2009 orchestral composition by Anna Clyne

Within Her Arms is a composition for string orchestra by the British-born composer Anna Clyne. The work was commissioned by the conductor Esa-Pekka Salonen and the Los Angeles Philharmonic. It was first performed April 7, 2009 at the Walt Disney Concert Hall in Los Angeles by the Los Angeles Philharmonic under Salonen. The piece was composed in memory of Clyne's mother, who died in 2008.

==Composition==
Within Her Arms is scored for a string orchestra consisting of 15 players. The work has a duration 14 minutes and is composed in one continuous movement. Concerning the dedication of the piece to her late mother, Clyne simply wrote, "Within Her Arms is music for my mother, with all my love."

==Reception==
Alex Ross of The New Yorker called the work "a fragile elegy for fifteen strings; intertwining voices of lament bring to mind English Renaissance masterpieces of Thomas Tallis and John Dowland, although the music occasionally breaks down into spells of static grief, with violins issuing broken cries over shuddering double-bass drones." Mark Swed of the Los Angeles Times similarly lauded that it "had the feel of wholesome traditional British string music enlivened by a new spirit."

Lawrence A. Johnson of the Chicago Classical Review particularly praised the piece, writing:
Within Her Arms is a powerful work, a somber, deeply felt meditation on loss.

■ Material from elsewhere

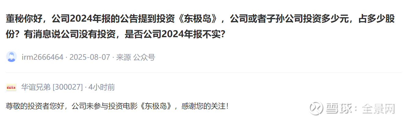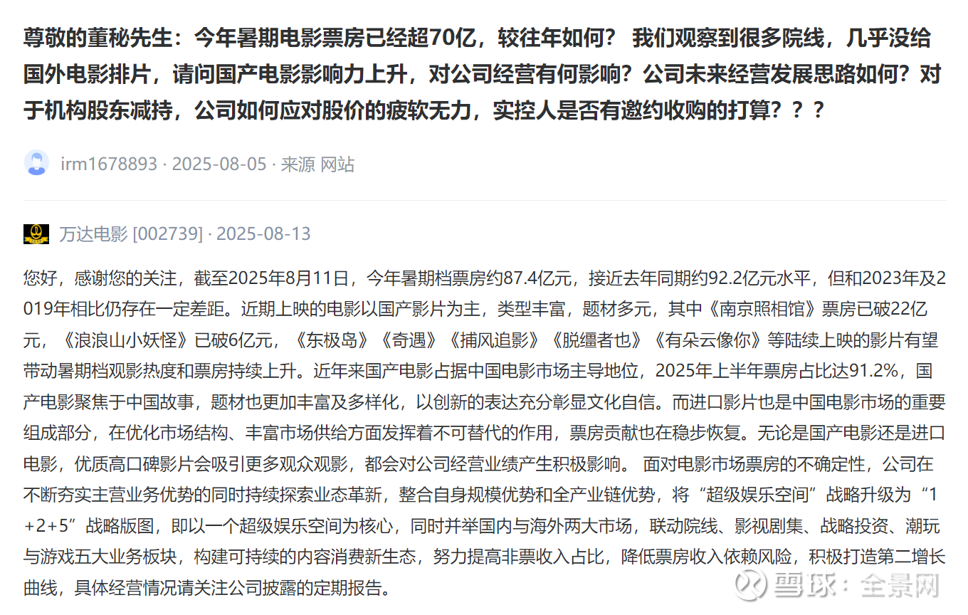 由于电影票房也对相关公司的股价波动带来影响,在互动平台上,投资者对相关电影的制作方、投资方给予关注,全景为您精选来自上市公司最真实的声音。(以下内容均摘自深交所互动易、上证e互动、上市公司公告等)

Crafted with real mastery for strings, Clyne's work never descends to the sentimental or lachrymose, the music working its way through desolation and painful stabbing violin accents to a sense of hard-won solace and peace.

He added, "This is one of the English composer's most personal and finest efforts to date, and one could easily see this powerful elegy entering the regular string repertoire."